Question

Show that one and only one out of n, n + 4, n + 8, n + 12 and n + 16 is divisible by 5, where n is any positive integer.

[Hint: Any positive integer can be written in the form 5q, 5q + 1, 5q + 2, 5q + 3, 5q + 4].

Answer 1

On dividing n by 5, let q be the quotient and r be the remainder.

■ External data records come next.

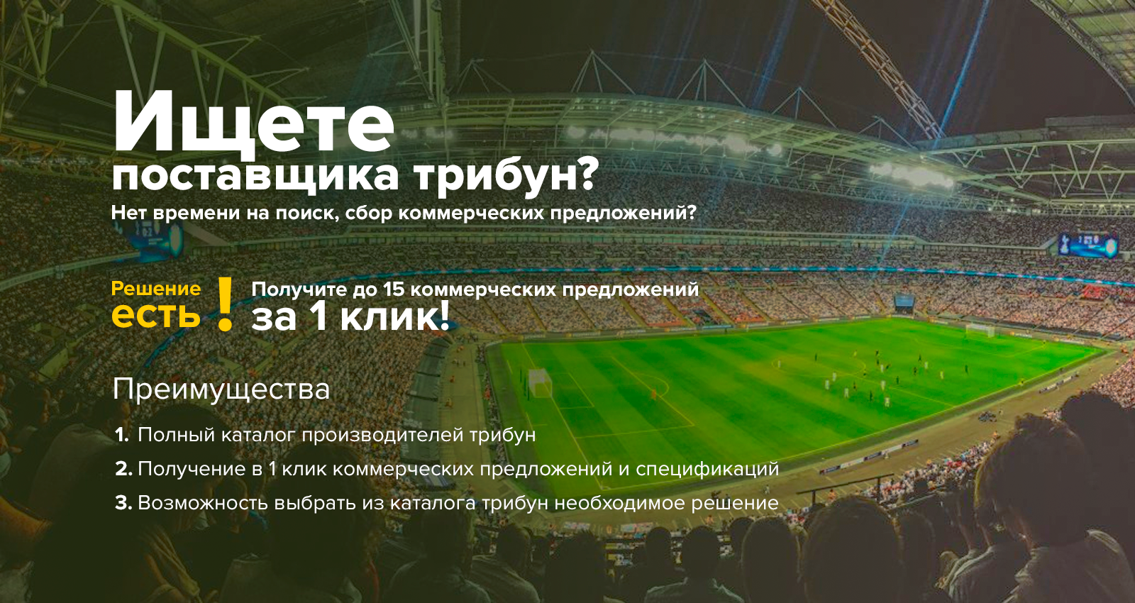 Мы не теряем времени даром, но и не торопимся в ущерб результату. Вы купите трибуны для стадиона по максимально подходящей цене из возможных. Так как мы соберем для вас до 10 коммерческих предложений от разных компаний.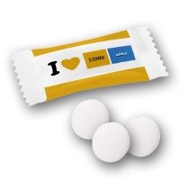 Artikel-Nr: W965S0066Leckere Minze - einzeln verpackt. Eine begehrte kleine Süßigkeit auf Messen und Events, aber auch auf dem Verkaufstresen und an der Kasse. Die optimale Logogröße für diesen Artikel ist 30 x 20 mm.
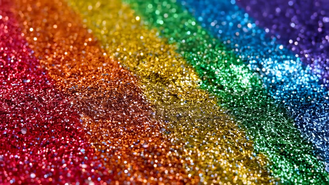 AI Generated Image. Macro video showing camera tilting over dense rainbow glitter, producing shifting sparkles, bokeh highlights, and prism-like reflections. Close-up tracking across red, orange, yellow, green, blue, violet bands, revealing detailed textured sparkle and iridescent shimmer. Ideal for looping backgrounds, animated overlays, social media reels, title intros, and product presentation, especially for beauty, fashion, craft, party, and pride month projects. Works well for website hero banners, digital invitations, promotional ads, and motion graphics where vibrant color and tactile texture are needed. Recommend experimenting with speed ramps, color grading, and blend modes to create custom transitions or layered visual effects.

Then n = 5q + r, where 0 ≤ r < 5

`\implies` n = 5q + r, where r = 0, 1, 2, 3, 4

`\implies` n = 5q or 5q + 1 or 5q + 2 or 5q + 3 or 5q + 4

Case I: If n = 5q,

Then only n is divisible by 5.

Case II: If n = 5q + 1,

Then n + 4 = 5q + 1 + 4 = 5q + 5 = 5(q + 1) which is divisible by 5

So, in this case, only (n + 4) is divisible by 5.

Case III: If n = 5q + 2, 

Then n + 8 = 5q + 10 = 5(q + 2) which is divisible by 5

So, in this case, only (n + 8) is divisible by 5.

Case IV: If n = 5q + 3,

Then n + 12 = 5q + 3 + 12 = 5q + 15 = 5(q + 3) which is divisible by 5

So, in this case, only (n + 12) is divisible by 5.

Case V: If n = 5q + 4, 

Then n + 16 = 5q + 4 + 16 = 5q + 20 = 5(q + 4) which is divisible by 5

So, in this case, only (n + 16) is divisible by 5.

Hence one and only one out of n, n + 4, n + 8, n + 12 and n + 16 is divisible by 5, where n is any positive integer.